> [Task to complete]
What you return must be the full listing, word for word, with no images in it.

==================================================

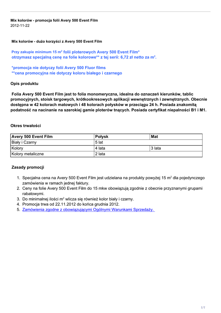 Mix kolorów - promocja folii Avery 500 Event Film 2012-11-22 Mix kolorów - dużo korzyści z Avery 500 Event Film Przy zakupie minimum 15 m2 folii ploterowych Avery 500 Event Film* otrzymasz specjalną cenę na folie kolorowe** z tej serii: 6,72 zł netto za m2. *promocja nie dotyczy folii Avery 500 Fluor films **cena promocyjna nie dotyczy koloru białego i czarnego Opis produktu Folia Avery 500 Event Film jest to folia monomeryczna, idealna do oznaczeń kierunków, tablic promocyjnych, stoisk targowych, krótkookresowych aplikacji wewnętrznych i zewnętrznych. Obecnie dostępna w 42 kolorach matowych i 48 kolorach połysków w przeciągu 24 h. Posiada znakomitą podatność na nacinanie na szerokiej gamie ploterów tnących. Posiada certyfikat niepalności B1 i M1. Okres trwałości Avery 500 Event Film Biały i Czarny Kolory Kolory metaliczne Połysk 5 lat 4 lata 2 lata Mat 3 lata Zasady promocji 1. Specjalna cena na Avery 500 Event Film jest udzielana na produkty powyżej 15 m2 dla pojedynczego zamówienia w ramach jednej faktury. 2. Ceny na folie Avery 500 Event Film do 15 mkw obowiązują zgodnie z obecnie przyznanymi grupami rabatowymi. 3. Do minimalnej ilości m2 wlicza się również kolor biały i czarny. 4. Promocja trwa od 22.11.2012 do końca grudnia 2012. 5. Zamówienia zgodne z obowiązującymi Ogólnymi Warunkami Sprzedaży. 1/1
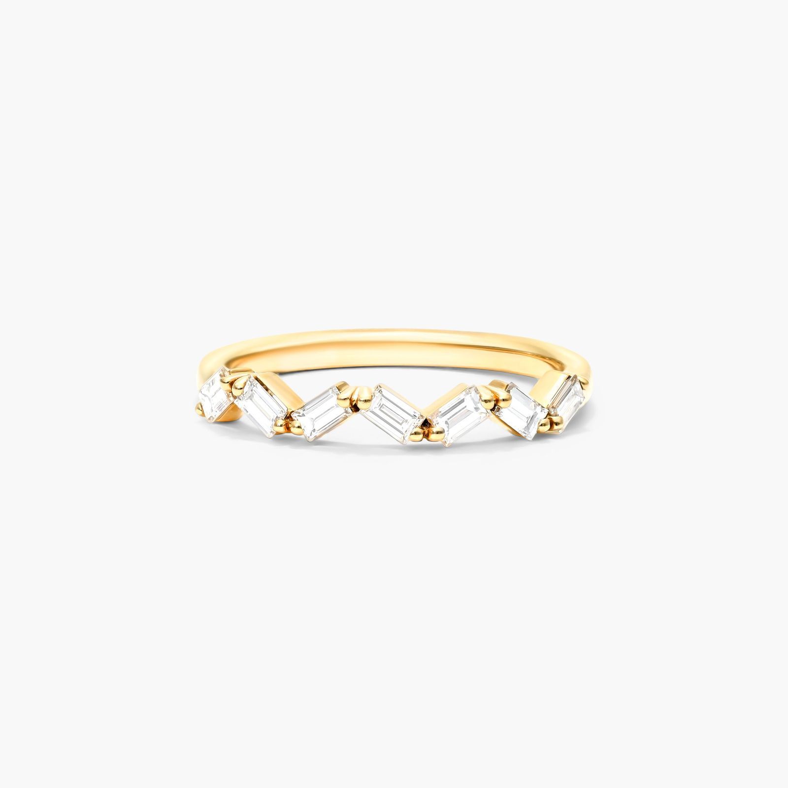 Baguette diamonds in two-prong settings are positioned to form a zig-zag line. Wear alone or as a stackable and achieve the wow factor!
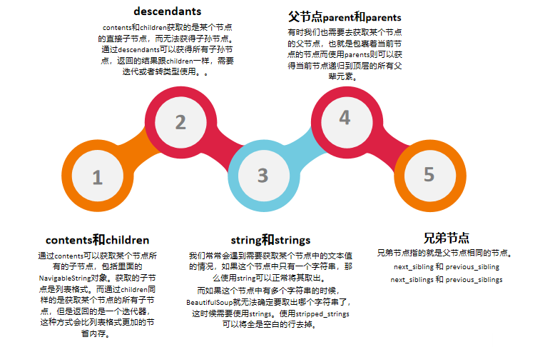 首先,一个节点中是可以包含多个子节点和多个字符串的。例如html节点中包含着head和body节点。所以BeautifulSoup就可以将一个HTML的网页用这样一层层嵌套的节点来进行表示。
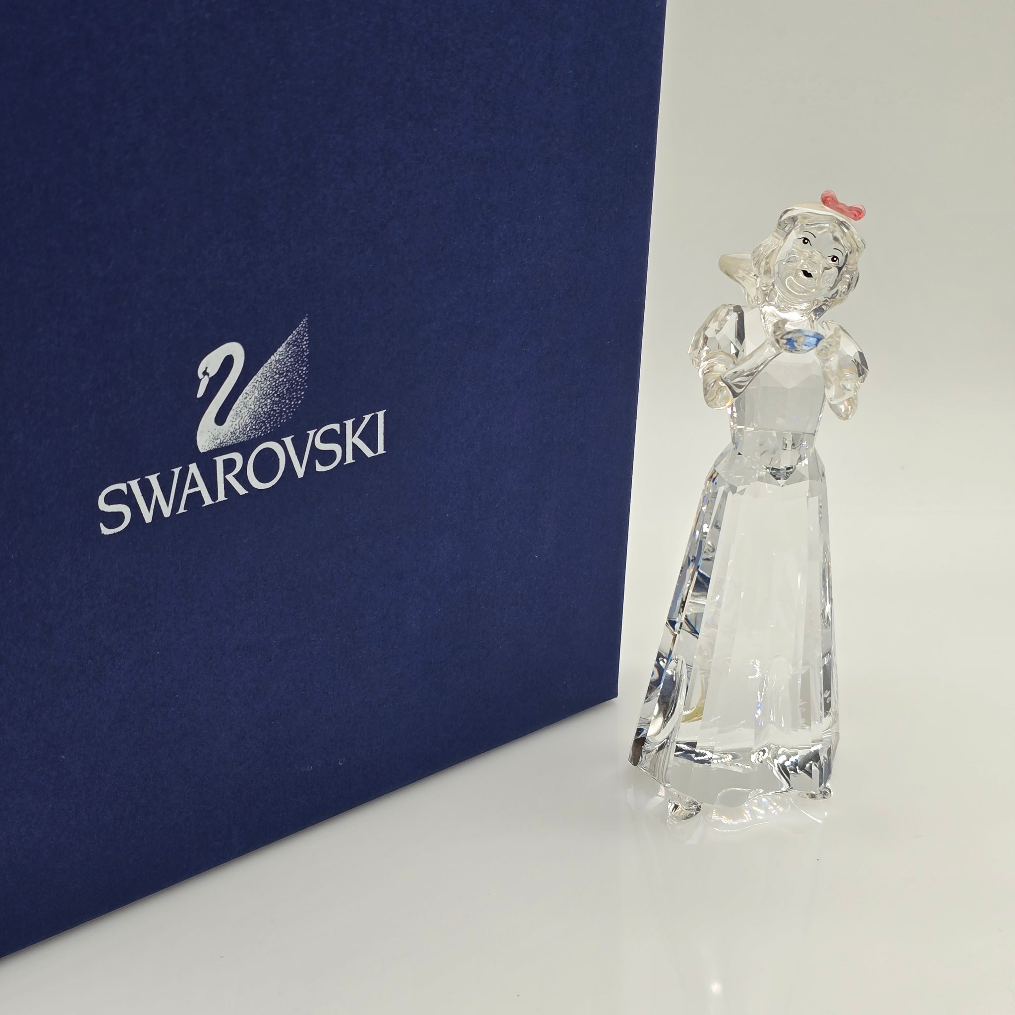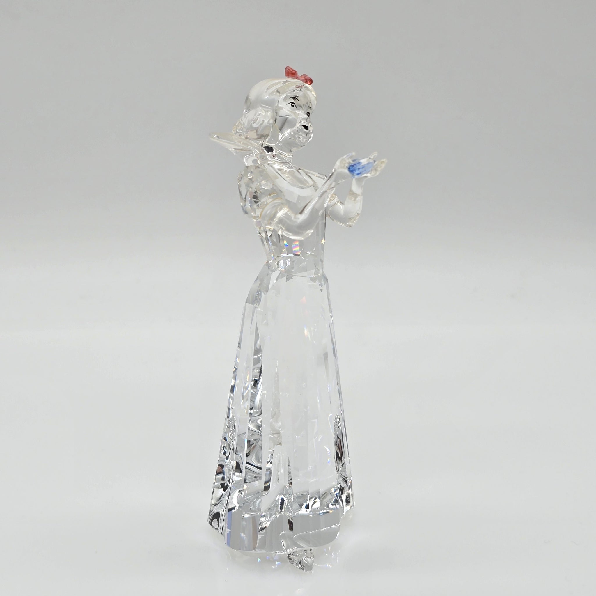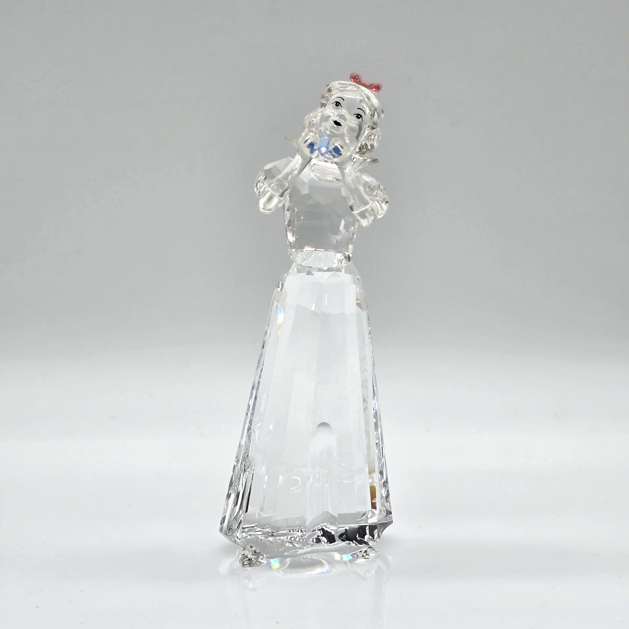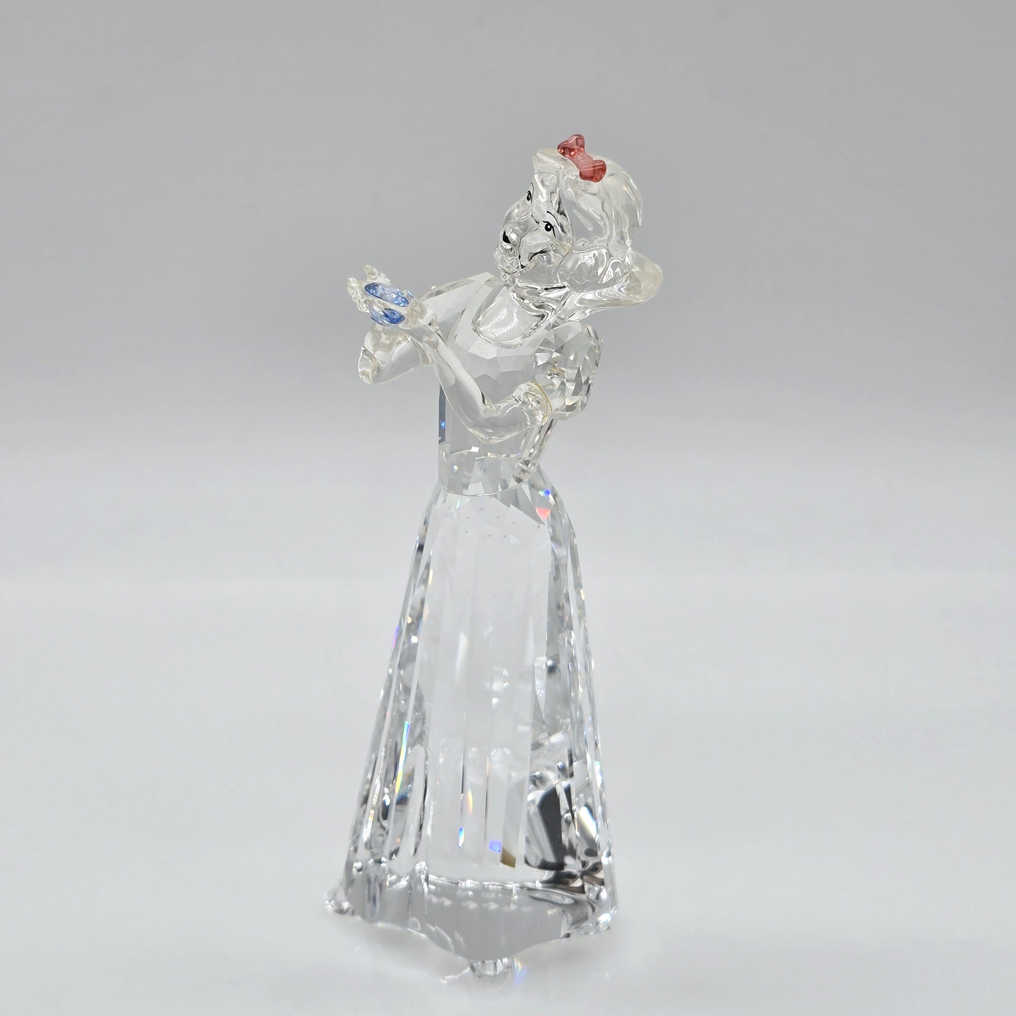 In funkelndem Kristall erstrahlt Disneys Schneewittchen in zauberhafter Schönheit. Ihr facettierter Körper aus klarem Kristall, der glatte Kopf und die zarten Arme verleihen ihr eine elegante Anmut. Ausdrucksstarke schwarze Augen, Brauen und Lippen sowie die Schleife aus rosafarbenem Kristall und der arktisblau funkelnde Chaton in ihren Händen vollenden diese hinreißende Figur.
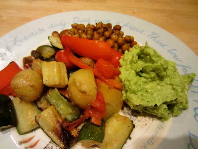 I also made a simple guacamole with lime juice and some salt and a roasted chick pea dish which was lovely.
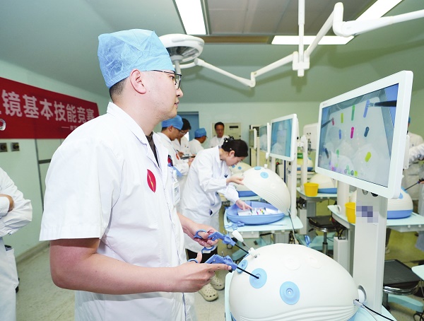 在河南省肿瘤医院举办的腔镜基本技能竞赛上,青年医师在腔镜下进行精细剪切或缝合打结操作,全面展示腔镜操作基本功。通讯员 李昂 特约记者 常榕 摄影报道
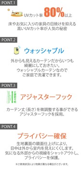 組成:ポリエステル100%、ウォッシャブル、1.5倍ヒダ、アジャスターフック、UVカット
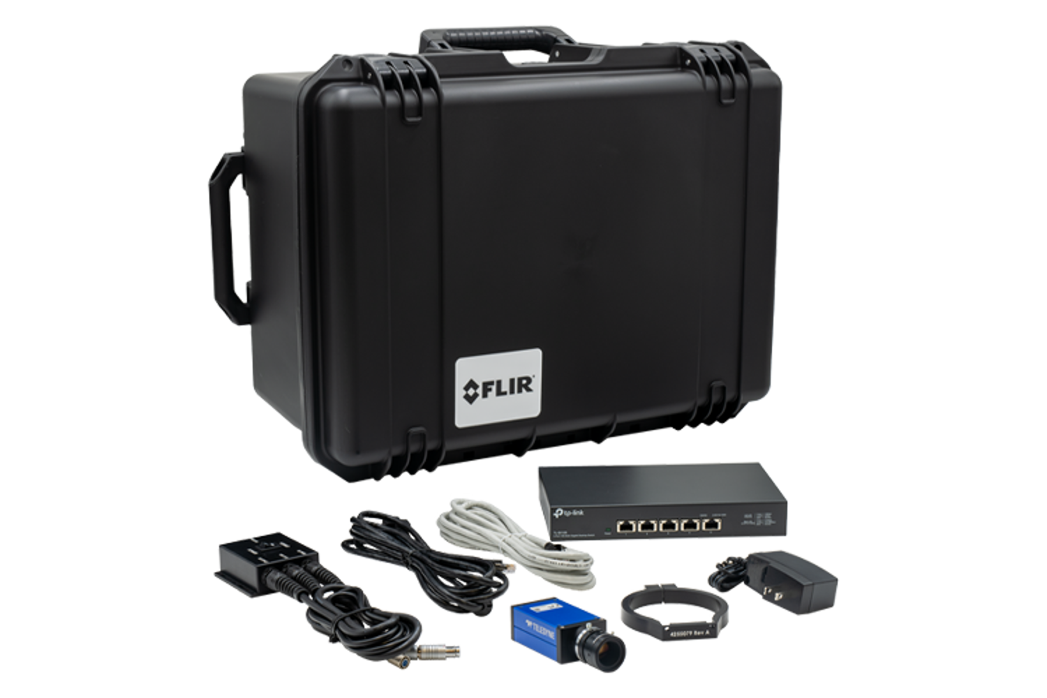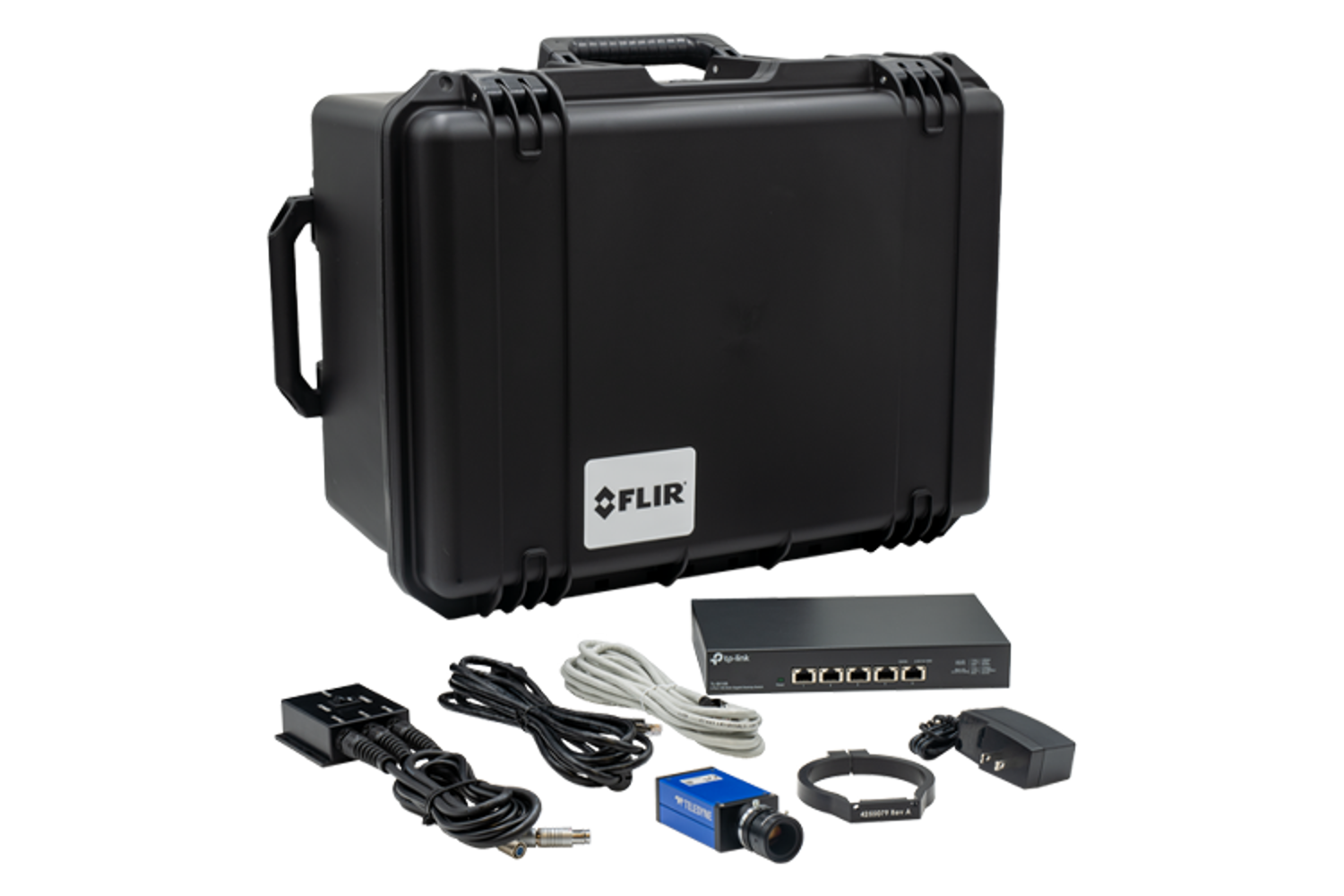 Designed for electronics design, renewable energy, and battery testing, this kit integrates seamlessly with FLIR A-Series thermal cameras. It includes a versatile visible imaging setup, custom mounting solutions, and robust networking capabilities, ensuring accurate, synchronized thermal and visual data capture for critical industrial and scientific applications.
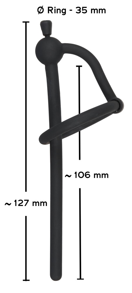 Gesamtlänge 12,7 cm. Einführtiefe 10,6 cm. Ø 0,6 cm. Ring-Ø 3,5 cm. Gewicht 9 g. Silikon, PU.
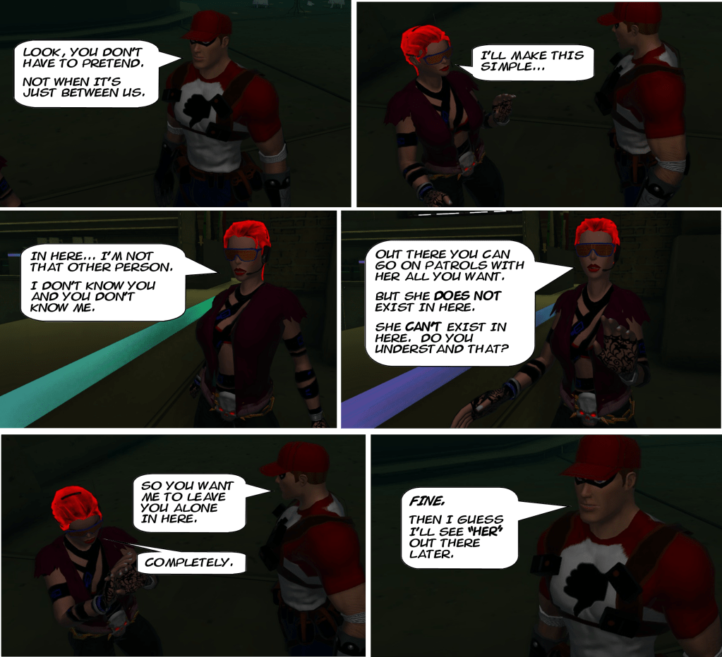 Think about Galatea Future. For most of her life before she went to the world of Champions Online, she really didn’t have a secret identity, because she didn’t have a personal life outside of who she was as a hero. Yes, in those early years in “The City”, she had a secret identity as a tailor apprentice, but that ended up being scuttled when she disappeared for five years and her civilian identity was presumed killed. After that, she was simply “Galatea” That’s what that whole universe knew her as.. Then, after she arrived in the world of the Champions, she was given a new civilian identity of Athena Rose Fairmore, but even that is a disguise for who she really is.
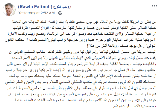 Text posted on the Facebook page of Fatah Central Committee member Rawhi Fattouh
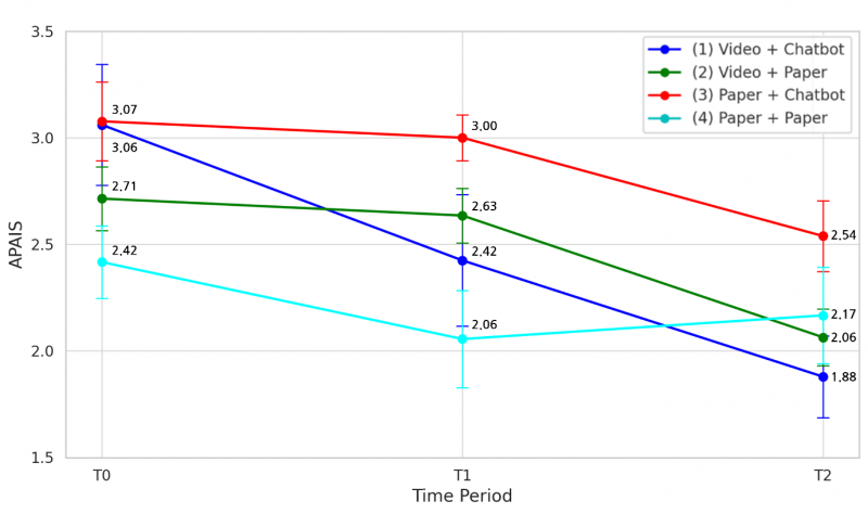 Results: The final analysis included 145 patients. No significant interaction was observed between groups and time for the APAIS, STAI, or LASA. Although unplanned, analyses were conducted using the age of 50 years as the cutoff, based on a previous systematic review of digital literacy in the medical field. A trend toward reduced APAIS was found among patients aged ≤50 years who used the chatbot (per-protocol subgroup). In the video + chatbot group, the APAIS score decreased from 3.06 (T0) to 1.88 (T2); in contrast, in the paper + paper group, it decreased from 2.42 (T0) to 2.06 (T2). In contrast, no significant interaction was observed in the APAIS of per-protocol patients aged ≥50 years.

==================================================

> [Your response]
 Mix kolorów - promocja folii Avery 500 Event Film 2012-11-22 Mix kolorów - dużo korzyści z Avery 500 Event Film Przy zakupie minimum 15 m2 folii ploterowych Avery 500 Event Film* otrzymasz specjalną cenę na folie kolorowe** z tej serii: 6,72 zł netto za m2. *promocja nie dotyczy folii Avery 500 Fluor films **cena promocyjna nie dotyczy koloru białego i czarnego Opis produktu Folia Avery 500 Event Film jest to folia monomeryczna, idealna do oznaczeń kierunków, tablic promocyjnych, stoisk targowych, krótkookresowych aplikacji wewnętrznych i zewnętrznych. Obecnie dostępna w 42 kolorach matowych i 48 kolorach połysków w przeciągu 24 h. Posiada znakomitą podatność na nacinanie na szerokiej gamie ploterów tnących. Posiada certyfikat niepalności B1 i M1. Okres trwałości Avery 500 Event Film Biały i Czarny Kolory Kolory metaliczne Połysk 5 lat 4 lata 2 lata Mat 3 lata Zasady promocji 1. Specjalna cena na Avery 500 Event Film jest udzielana na produkty powyżej 15 m2 dla pojedynczego zamówienia w ramach jednej faktury. 2. Ceny na folie Avery 500 Event Film do 15 mkw obowiązują zgodnie z obecnie przyznanymi grupami rabatowymi. 3. Do minimalnej ilości m2 wlicza się również kolor biały i czarny. 4. Promocja trwa od 22.11.2012 do końca grudnia 2012. 5. Zamówienia zgodne z obowiązującymi Ogólnymi Warunkami Sprzedaży. 1/1
 Baguette diamonds in two-prong settings are positioned to form a zig-zag line. Wear alone or as a stackable and achieve the wow factor!
 首先,一个节点中是可以包含多个子节点和多个字符串的。例如html节点中包含着head和body节点。所以BeautifulSoup就可以将一个HTML的网页用这样一层层嵌套的节点来进行表示。
 In funkelndem Kristall erstrahlt Disneys Schneewittchen in zauberhafter Schönheit. Ihr facettierter Körper aus klarem Kristall, der glatte Kopf und die zarten Arme verleihen ihr eine elegante Anmut. Ausdrucksstarke schwarze Augen, Brauen und Lippen sowie die Schleife aus rosafarbenem Kristall und der arktisblau funkelnde Chaton in ihren Händen vollenden diese hinreißende Figur.
 I also made a simple guacamole with lime juice and some salt and a roasted chick pea dish which was lovely.
 在河南省肿瘤医院举办的腔镜基本技能竞赛上,青年医师在腔镜下进行精细剪切或缝合打结操作,全面展示腔镜操作基本功。通讯员 李昂 特约记者 常榕 摄影报道
 組成:ポリエステル100%、ウォッシャブル、1.5倍ヒダ、アジャスターフック、UVカット
 Designed for electronics design, renewable energy, and battery testing, this kit integrates seamlessly with FLIR A-Series thermal cameras. It includes a versatile visible imaging setup, custom mounting solutions, and robust networking capabilities, ensuring accurate, synchronized thermal and visual data capture for critical industrial and scientific applications.
 Gesamtlänge 12,7 cm. Einführtiefe 10,6 cm. Ø 0,6 cm. Ring-Ø 3,5 cm. Gewicht 9 g. Silikon, PU.
 Think about Galatea Future. For most of her life before she went to the world of Champions Online, she really didn’t have a secret identity, because she didn’t have a personal life outside of who she was as a hero. Yes, in those early years in “The City”, she had a secret identity as a tailor apprentice, but that ended up being scuttled when she disappeared for five years and her civilian identity was presumed killed. After that, she was simply “Galatea” That’s what that whole universe knew her as.. Then, after she arrived in the world of the Champions, she was given a new civilian identity of Athena Rose Fairmore, but even that is a disguise for who she really is.
 Text posted on the Facebook page of Fatah Central Committee member Rawhi Fattouh
 Results: The final analysis included 145 patients. No significant interaction was observed between groups and time for the APAIS, STAI, or LASA. Although unplanned, analyses were conducted using the age of 50 years as the cutoff, based on a previous systematic review of digital literacy in the medical field. A trend toward reduced APAIS was found among patients aged ≤50 years who used the chatbot (per-protocol subgroup). In the video + chatbot group, the APAIS score decreased from 3.06 (T0) to 1.88 (T2); in contrast, in the paper + paper group, it decreased from 2.42 (T0) to 2.06 (T2). In contrast, no significant interaction was observed in the APAIS of per-protocol patients aged ≥50 years.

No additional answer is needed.